■ **COLLECTED DATA**
--- START ---

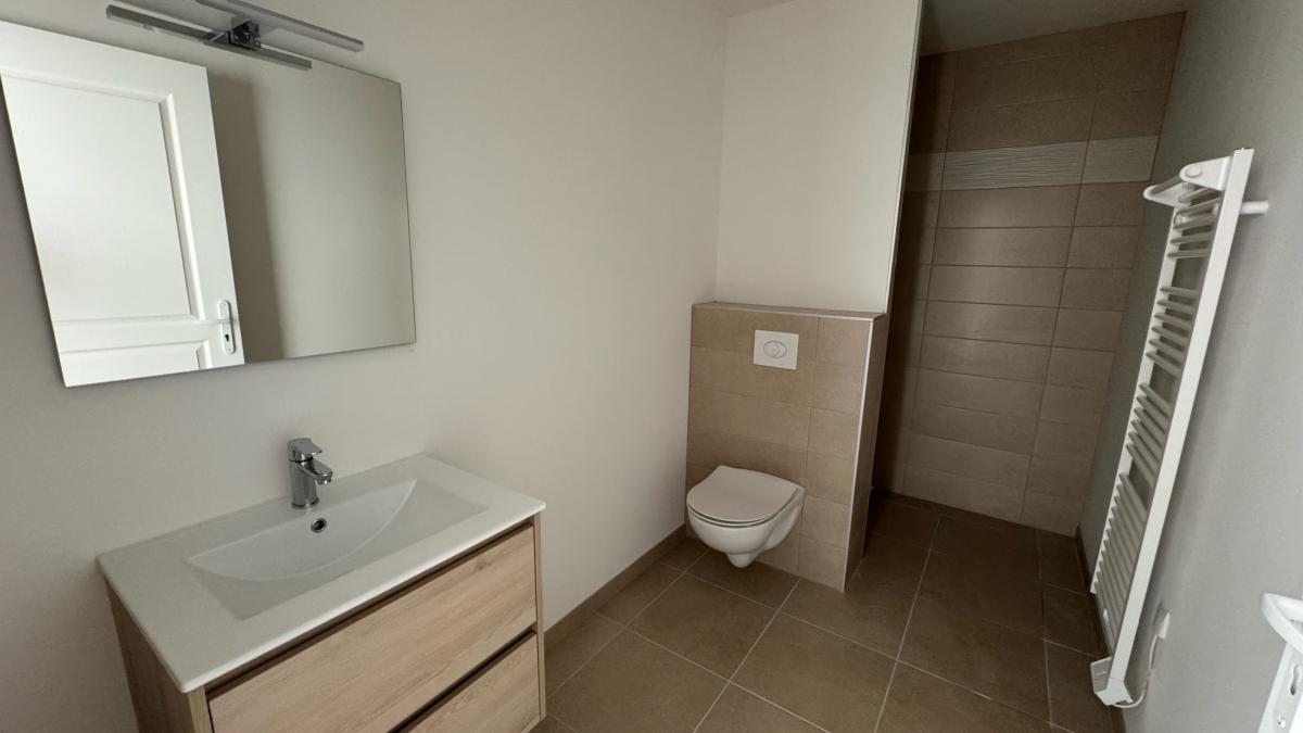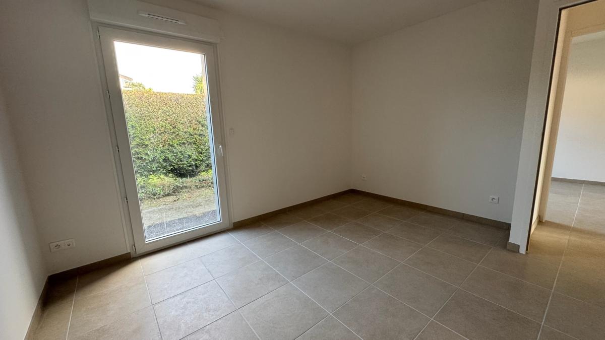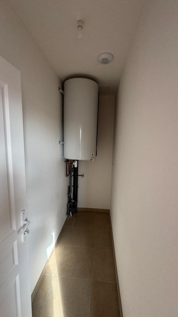 Entrée dans pièce à vivre avec cuisine aménagée et équipée (plaque induction, four, hotte) ouverte sur séjour/salon de 30.7m², cellier, dégagement, deux chambres (12.61m² et 12.14m²), salle de douche et WC.
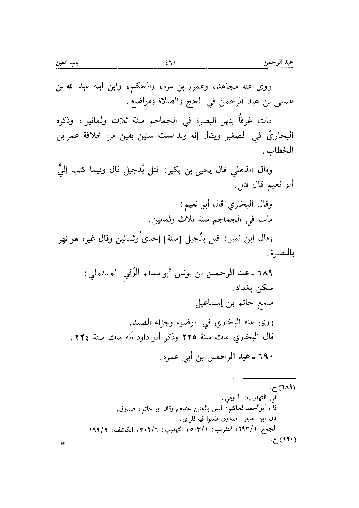 689 - عبد الرَّحْمَن بن يُونُس أَبُو مُسلم الرقي الْمُسْتَمْلِي سكن بَغْدَاد سمع حَاتِم بن إِسْمَاعِيل رَوَى عَنهُ البُخَارِيّ فِي الْوضُوء وَجَزَاء الصَّيْد قَالَ البُخَارِيّ مَاتَ سنة 225 وَذكر أَبُو دَاوُد أَنه مَاتَ سنة 224
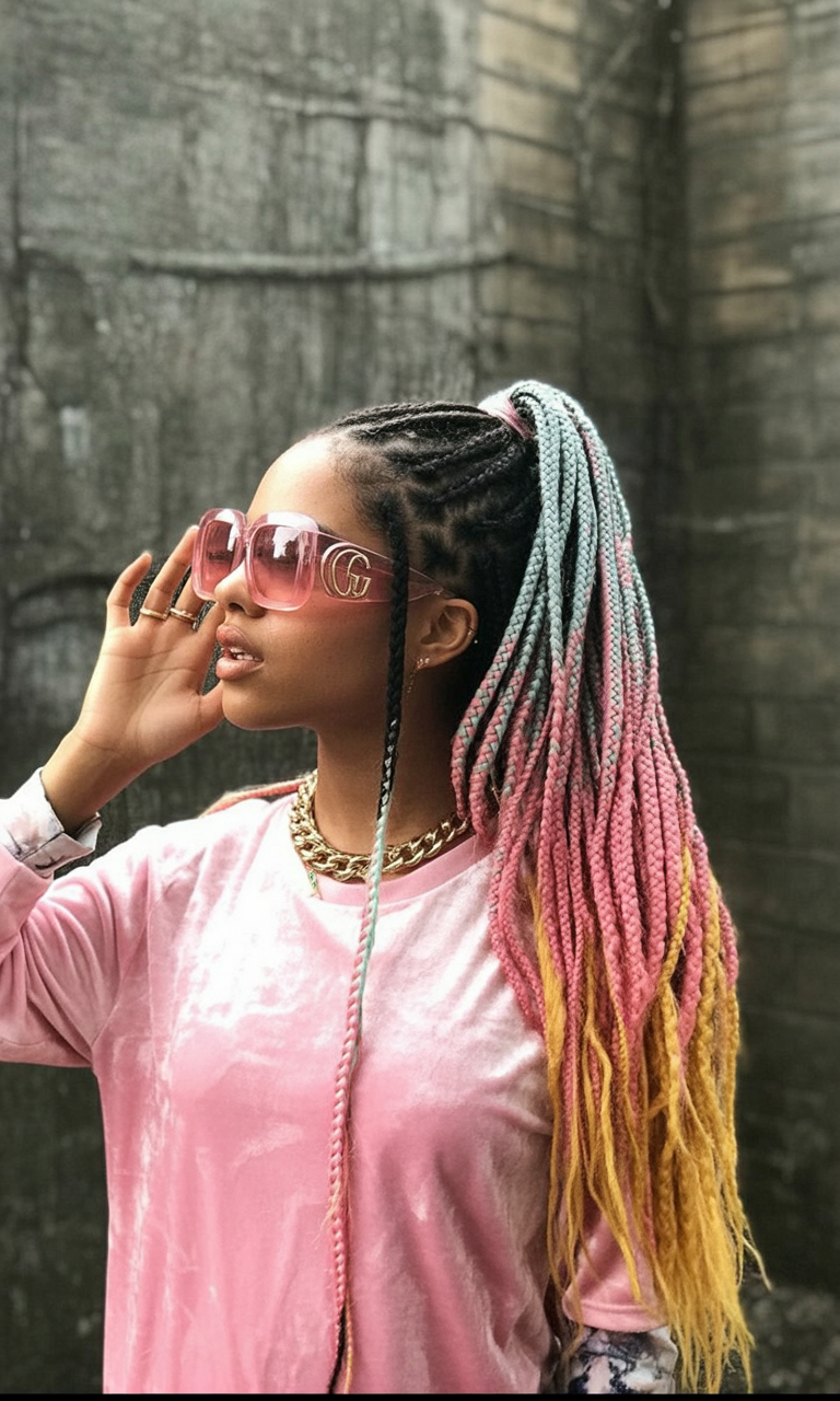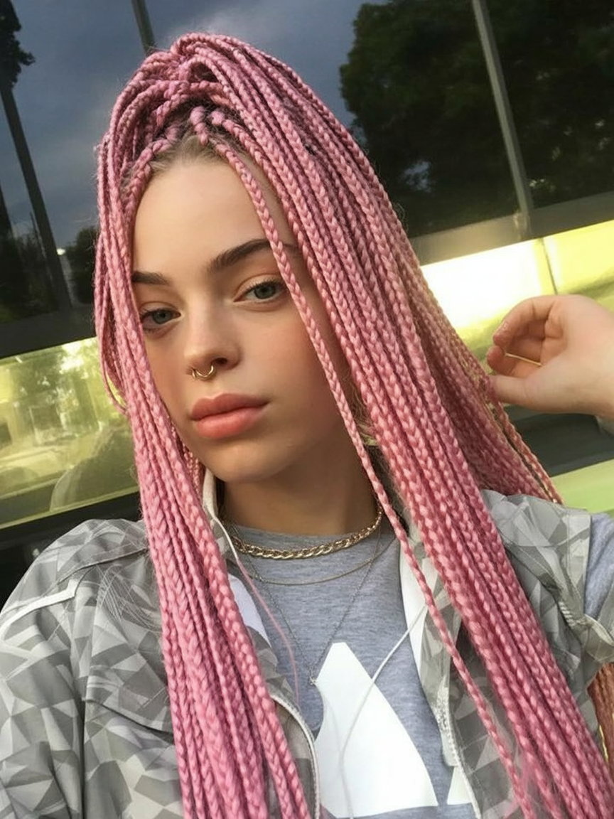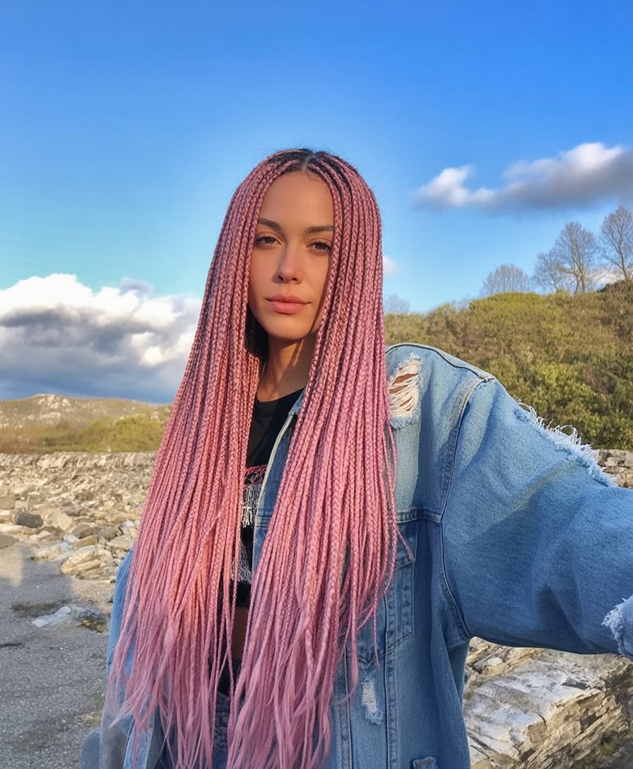 Pink braids are basically instant personality—bold, fun, and weirdly empowering. This shade feels playful but still chic, especially when the braids are neat and uniform, so it reads more “fashion girl” than costume. It’s a look that says you’re not afraid of attention… but you’re also not begging for it.

--- END ---

■ **ASSIGNED TASK**
Your answer must be the lines from the line containing "689 - عبد الرَّحْمَن" through the final line of the data, written out exactly, both ends included and pictures left out.

■ **REPLY TO THE EXERCISE**
 689 - عبد الرَّحْمَن بن يُونُس أَبُو مُسلم الرقي الْمُسْتَمْلِي سكن بَغْدَاد سمع حَاتِم بن إِسْمَاعِيل رَوَى عَنهُ البُخَارِيّ فِي الْوضُوء وَجَزَاء الصَّيْد قَالَ البُخَارِيّ مَاتَ سنة 225 وَذكر أَبُو دَاوُد أَنه مَاتَ سنة 224
 Pink braids are basically instant personality—bold, fun, and weirdly empowering. This shade feels playful but still chic, especially when the braids are neat and uniform, so it reads more “fashion girl” than costume. It’s a look that says you’re not afraid of attention… but you’re also not begging for it.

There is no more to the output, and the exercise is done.